The stem leachate of Sonchus arvensis L. in the ratio of 1:20 (w/v) inhibits maize's seedling emergence and growth (Bashir et al., 2018). Besides, the saltgrass seed soaked with plant growth-promoting bacterial consortium for 2 hours had no significant effect on the germination performance (Xia et al., 2020). The slightly acidic electrolyzed water decontaminates the Enterobacteriaceae in alfalfa seeds growth (Zhang et al., 2021).

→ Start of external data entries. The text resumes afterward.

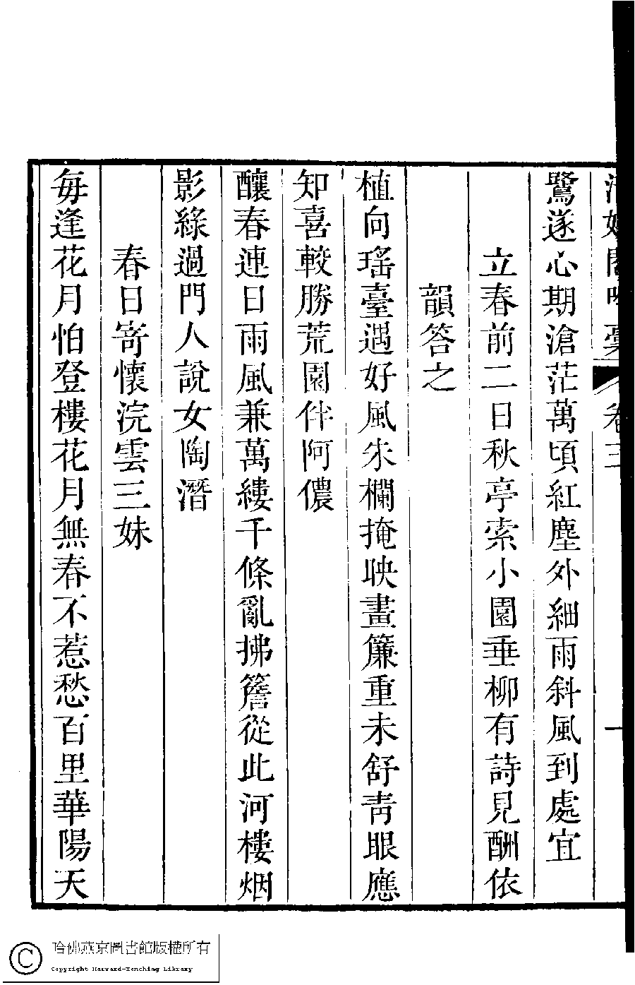 | (PRINT FRIENDLY VERSION) 清娛閣吟稾﹕六卷(清鮑之蕙撰)。嘉慶16年 [1811]刻本 ![]() 頁碼 : 3.1b | 点 击 放 大 | 清娛閣吟稾﹕六卷(清鮑之蕙撰)。嘉慶16年 [1811]刻本![]() 頁碼 : 3.1a | 点 击 放 大 | 返回 |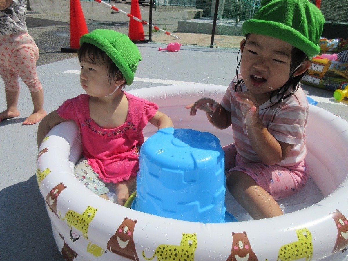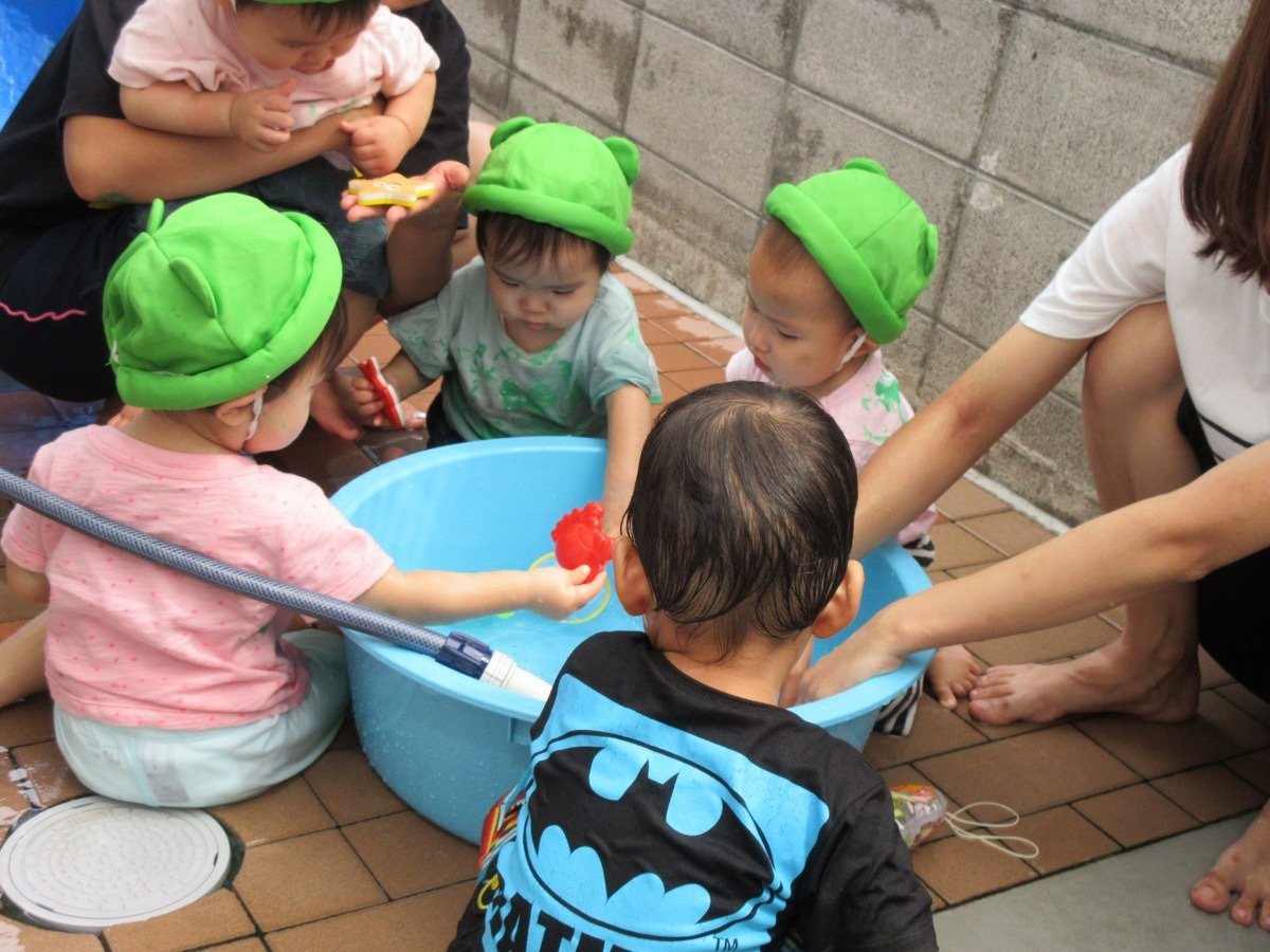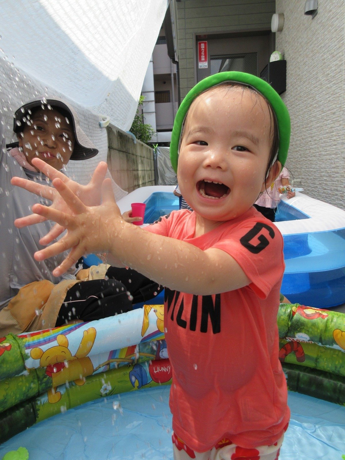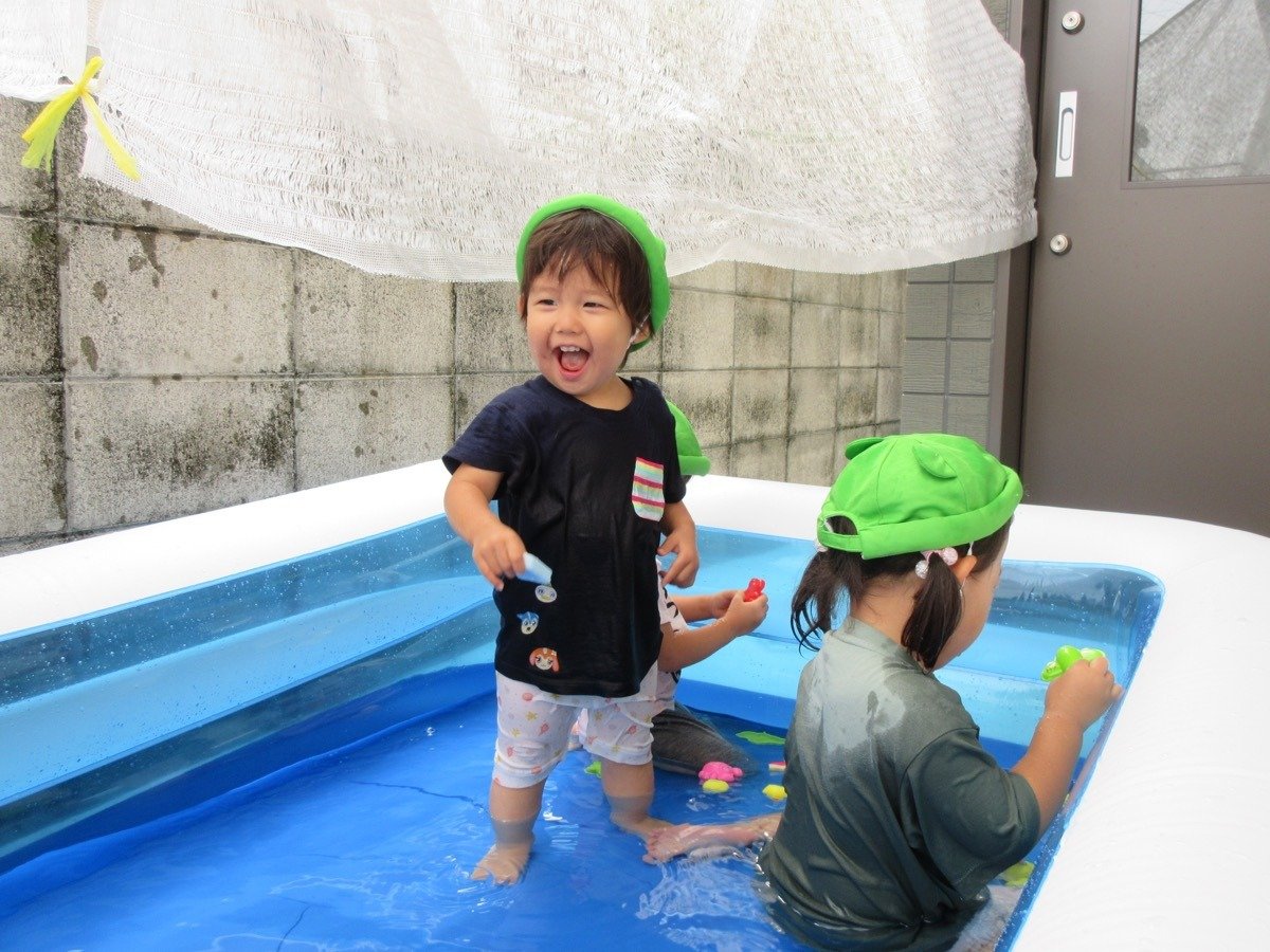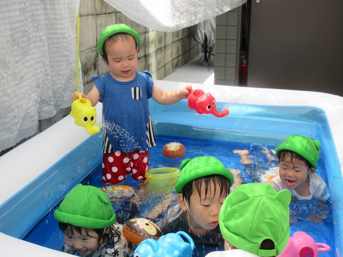初めは水を怖がっていた子も、少しずつ慣れ、水のかけあいっこを楽しめるまでになりました。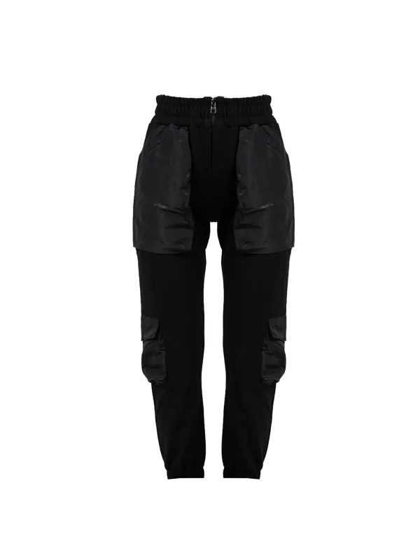 Eenvoudig model Met ingenaaid elastiek in de taille, ook te sluiten met een rits Met een mid-rise taille Twee zakken aan de voorkant, extra zakken op de benen Gemaakt van een combinatie van stoffen Beenzomen met manchetten Gemaakt van hoogwaardige stof Gemaakt in Italië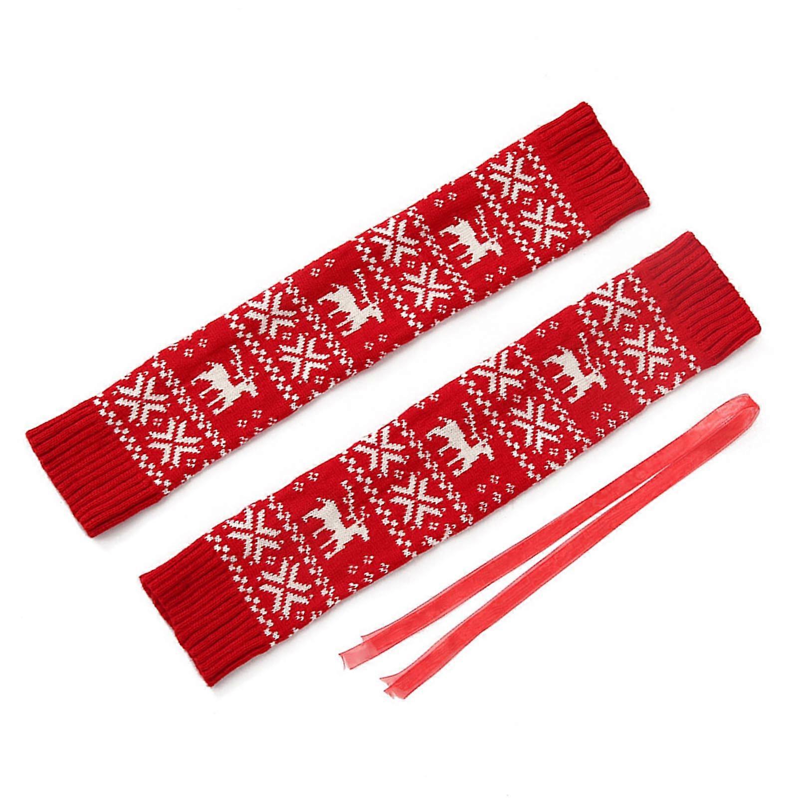 Women Christmas Snowflake Knitted Over Knee Leg Warmers Stockings with Straps Thigh High Foot Covers Footless Long Socks Red

Seed priming with 6 hours showed a significant improvement in root length (p = 0.0006091), root projection area (p = 0.0008063), root volume (p = 0.002258) and root surface area (p = 0.0008062) compared to others during the early growth (Fig. 5). Long priming duration (12 hours) negatively affected the root growth performance and mean germination time. Comparably, 12 hours priming duration of pistachio was reduced the root dry weight (Esmaeilpour and Van Damme, 2016). The seed may cause loss of desiccation tolerance in long priming duration (Paparella et al., 2015). Priming should prevent the seed from fully germinating since it is triggered by ‘pre-germinative metabolism’ (Paparella et al., 2015). In contrast, long priming duration (12 and 36 hours) significantly increases bread wheat's radicle length (Liela et al., 2010).